N-glycanase deficiency is recessive: when parents are carriers, they have a 25% chance of producing a child with the disorder for each pregnancy.



The list of signs and symptoms mentioned in various sources for NGLY1 includes the symptoms listed below:

  • Global developmental delay
  • Movement disorder
  • A lack of tears (alacrima or hypolacrima): While patients have some moisture in their eyes, they have difficulty producing tear drops when crying.
  • Liver dysfunction: Patients present with elevated liver transaminases such as AST, ALT and sometimes AFP. Liver values may trend toward the normal range over time.
  • A smaller head (microcephaly): Patients tend to have a smaller head circumference, this may be relative to body size and/or acquired over time.
  • Diminished reflexes: Some patients do not respond at all or barely respond to reflex tests.
  • (As-yet) unidentified material stored in liver cells: There appears to be something stored in the cytoplasm of liver cells.
  • Seizures: About half of all patients have observable seizures, but many of them are not recognizable to non-experts as seizures. Common seizure types include sudden jerks or startles (myoclonic), drops (atonic) and staring spells (absence). Patient EEGs are often described as "abnormal."
  • Hypotonia
  • Peripheral neuropathy



NGLY1 deficiency is believed to be caused by a lack of an enzyme called N-glycanase-1, which is encoded by the gene NGLY1.


There is no cure or treatment for N-glycanase deficiency. There is an effort underway to initiate a clinical trial of a new drug that may be highly beneficial for NGLY1 patients.

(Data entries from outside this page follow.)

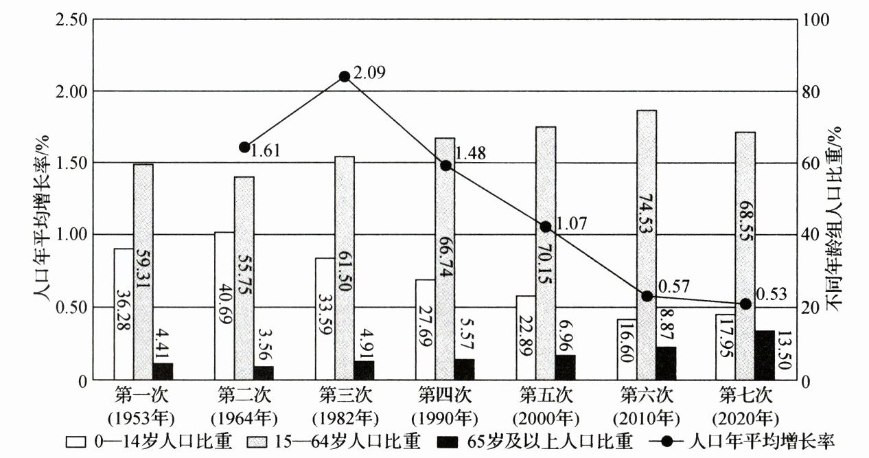 2021年6月,中共中央、国务院印发《关于优化生育政策促进人口长期均衡发展的决定》,实施一对夫妻可以生育三个子女政策,配套实施积极生育支持措施。下面图1为中国人口的分布图(2020年),图2为中国七次人口普查部分数据统计图。
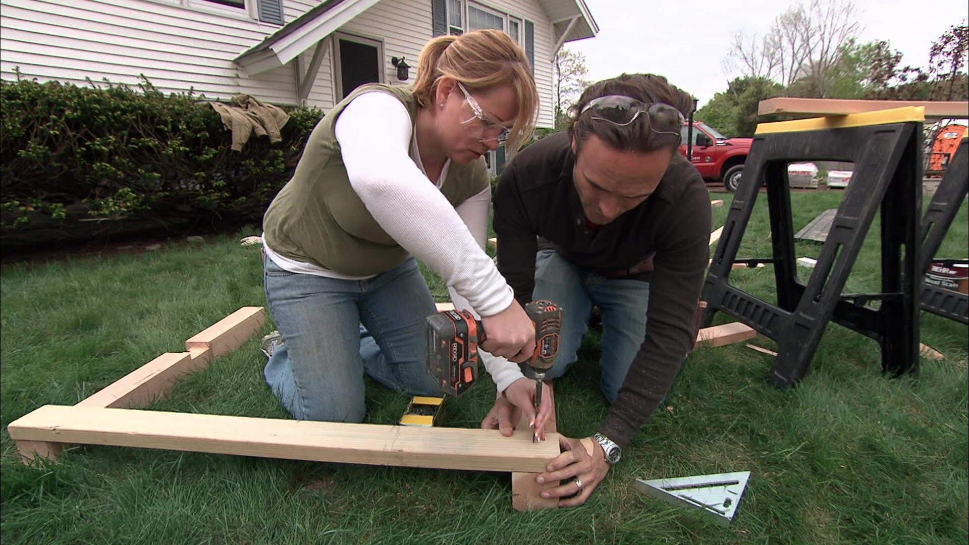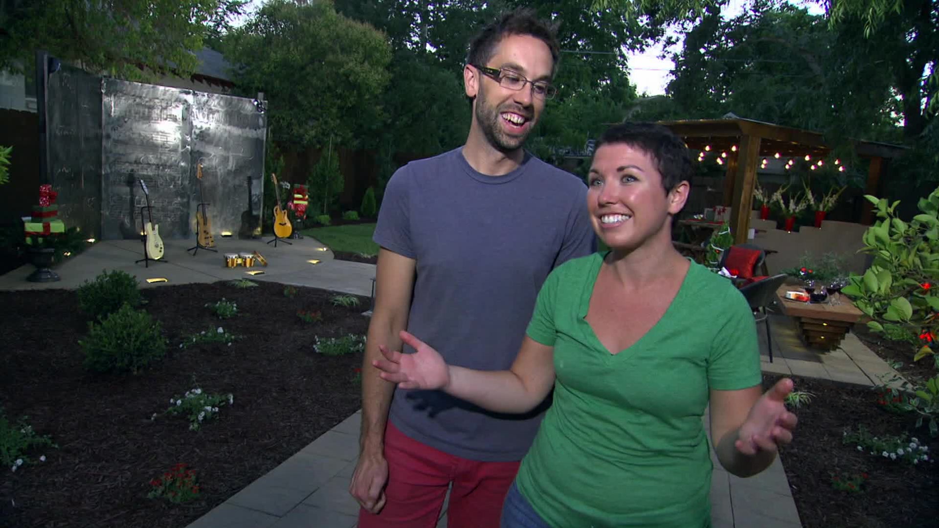 Landscaping pros surprise home improvement shoppers by redoing their yard.
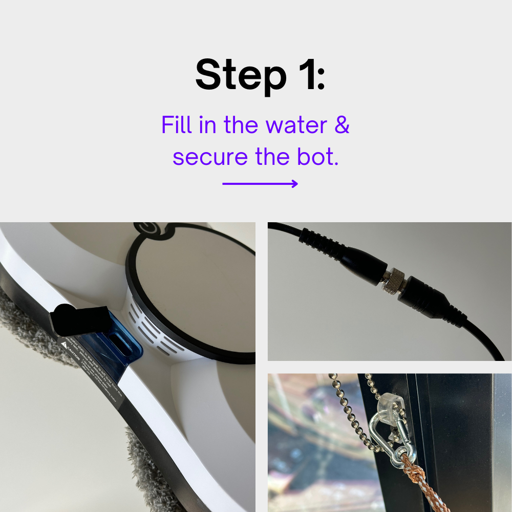 Simply fill the water tank and secure your WindowMate for a seamless cleaning experience. Follow these simple steps to set up and let the bot do the work for you!
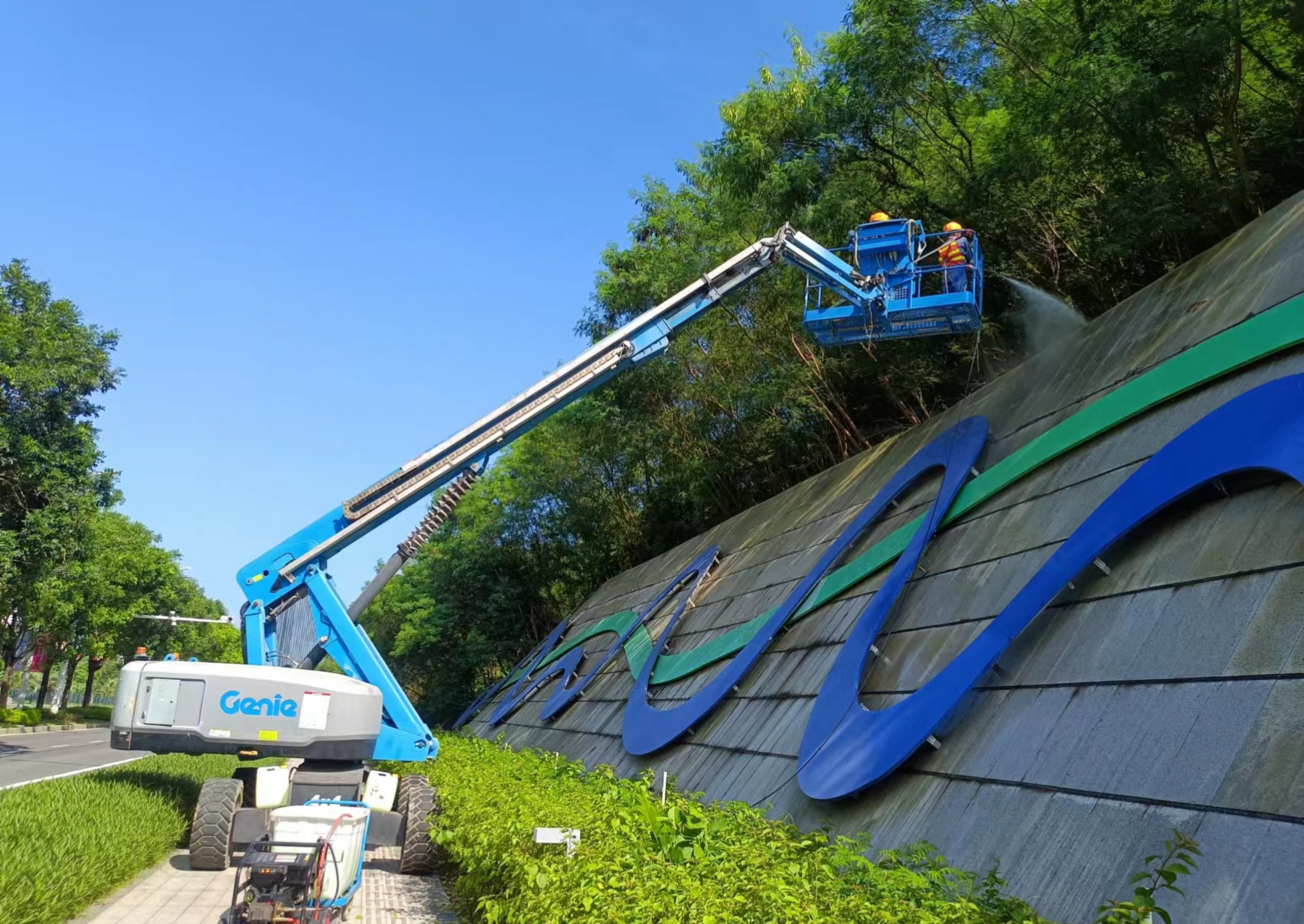 對環島東路的標志性飄帶墻進行精細清洗,讓這道城市風景線以更加靚麗的面貌迎接八方來客,展現合作區的熱情與活力。

For individual symptoms, the following treatments have shown benefit in some patients.

Dry Eyes

Most patients use preservative-free eye drops regularly to moisturize their eyes.  For severe dry eyes, patients use sterile petrolatum-based lubricating eye ointment (such as Systane Lubricant) multiple times per day and at night.

If there has been damage to the eye from dryness, a steroid eye ointment like Lotemax may be useful several times per week.

In severe cases, a tarsorrhaphy may be indicated.


Many patients use Miralax and/or fiber supplements (optifiber, psyllium husk or papaya) to relieve constipation. 

Epilepsy / Seizures

For patients with seizures, the following medications have proved most effective: 

  • Valproic acid (Depakote): For reducing seizures (especially myoclonic).
  • Lamotragene: For reducing seizures (especially myoclonic).

 Most other seizure medications and the ketogenic diet have not yielded significant seizure relief.

Oxidative stress

N-Acetyl cysteine has been recommended for improving the glutathione response, and it has shown benefits in some patients.  The effervescent formulation dissolved in water or a soft food such as apple sauce is recommended.

Mitochondrial dysfunction

To alleviate symptoms from possible mitochondrial dysfunction, some patients take coenzyme Q10 (CoQ10) in its ubiquinol form.